In order to analyze the fire smoke diffusion characteristics and optimal ventilation strategy in parking line areas under the interaction of complex structures and multiple ventilation systems, full-scale experiments and computer modeling were carried out on a parking line area in Guangzhou. Firstly, the smoke diffusion characteristics were acquired with a full-scale experiment. The airflow velocity was also measured during the experiment with various ventilation modes. Then, the smoke control performance of different ventilation modes was analyzed with numerical simulation. The impact of ventilation volume on smoke diffusion was discussed. The main conclusions are as follows: In the natural ventilation scenario, fire smoke would spread to the interval tunnel and siding area within 180 s after a fire. The use of tunnel ventilation fans could slow down the diffusion and settlement of smoke. But the longitudinal velocity is smaller than the critical velocity, which could not stop the smoke from spreading outside. The best smoke control performance is achieved by using a tunnel ventilation fan to exhaust smoke and an interval jet fan to supply air to the parking line. It is recommended to adopt the design of tunnel ventilation fans with 2 units of 60 m³/s air volume and jet fans with 2 units of 30 m³/s air volume to control the smoke diffusion and improve evacuation safety in the parking line, interval tunnel and siding area at the same time. The results can be used to guide the selection of fan parameters and the design of ventilation strategy in other parking line areas, which support improving the safety level of parking lines.

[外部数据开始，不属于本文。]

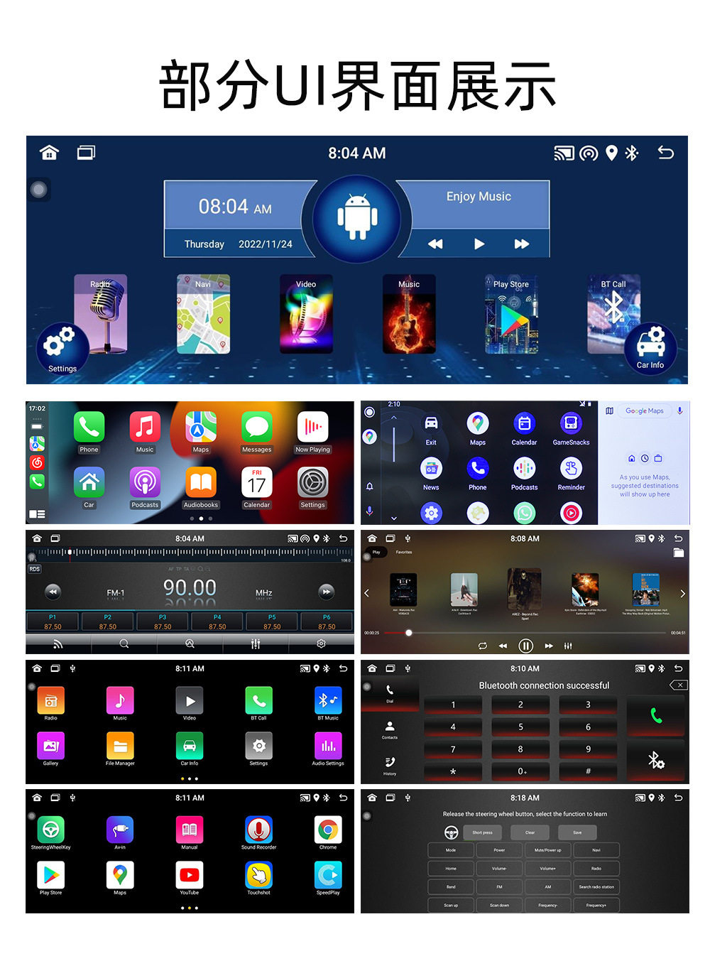 | Specifications | 1+32G (standard ASP + Wireless carplay),2+32G (standard ASP + Wireless carplay) |

Key words: metro, parking line, mechanical ventilation, full-scale experiment, numerical simulation, fire

仇培云, 陈俊沣, 程辉航, 龙增, 钟茂华. 地铁停车线区域通风排烟模式研究[J]. 中国安全科学学报, 2023, 33(7): 156-163.

QIU Peiyun, CHEN Junfeng, CHENG Huihang, LONG Zeng, ZHONG Maohua. Study on regional ventilation and smoke exhaust mode of subway parking line[J]. China Safety Science Journal, 2023, 33(7): 156-163.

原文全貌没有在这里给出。